Microsoft Announces The Different Versions of Windows 10
Earlier today, Microsoft announced the different flavors of Windows 10 that will be available this summer. Windows 10 has a seemingly excess number of versions available, that is sure to confuse the average consumer.
Before we get into all the versions, I want to remind everyone that within the first year that Windows 10 is out, users will have the opportunity to upgrade to Windows 10 for free if they have the consumer version of Windows 7 or 8. So with that, the two versions that Windows 7 & 8 users can upgrade to are Home and Pro. Like previous versions of Windows, Home Edition is the standard, everyday desktop version. The Pro version adds some business-oriented features, such as managing other devices, security, and their new service “Windows Update for Business“.
Windows 10 Enterprise expands on the features offered in Pro, adding services that are specifically engineered for a corporate infrastructure, such as network deployments of updates and applications.
Windows 10 Education expands on the features from Enterprise and will be available with academic volume licensing.
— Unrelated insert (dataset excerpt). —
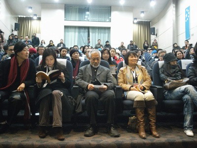 栗宪庭先生在开幕仪式上说:“谢谢大家! 我看来了这么多人非常高兴。其实,很多东西我都忘记了,但是我没有忘记的就是一颗感恩的心,感谢这么多人来参加这个影展。大家都知道,现在在中国啊,要做成一件事情非常不容易,正是因为这种不容易,所以需要大家的帮衬。我觉得只有帮衬才能做好一件事情,所以我感谢大家,我觉得真正好的、有意义的东西都是从民间做起来的,民间艺术的成长是因为每个活生生的人他就生活在民间,这种活生生的人在各种压力之下,政治压力,意识心态的压力下,各个生命才能展现其生命力,这种生命力就包括创造力、想象力,当然也包括协同力。从这个角度说,我觉得西方哲学过分地强调了个人的孤独,而忘记了同心同德,心心相惜也是人一种共同力量的来源。所以我觉得这三年的工作基本上走上了正轨,都和大家的帮助离不开,非常感谢……”

There’s also a version of Windows Enterprise for ATMs, retail point of sales, handheld terminals, and robotics called Windows 10 IoT Core. This is a stripped down version of Windows designed to operate on minimum hardware with minimal downtime.
Now onto the two mobile versions of Windows 10 – Windows Mobile 10 & Windows Mobile 10 Enterprise. Windows Mobile 10 is the ARM compatible version of Windows, much like Windows Phone 8. Windows 10 Mobile Enterprise adds additional security features catered towards corporate environments, which are not available on the standard Windows Mobile version. If you’re scratching your head why they have two versions, you’re not alone. This seems like the only misstep I’ve seen for Microsoft’s product launches this year. Their smartphone division is already so far behind Android and iOS, that it’s basically seen in the same light as a Blackberry. It’s really confusing why they don’t just make one version and keep it simple. iOS seems to do well in the corporate environment and they only have one version, so why can’t Microsoft?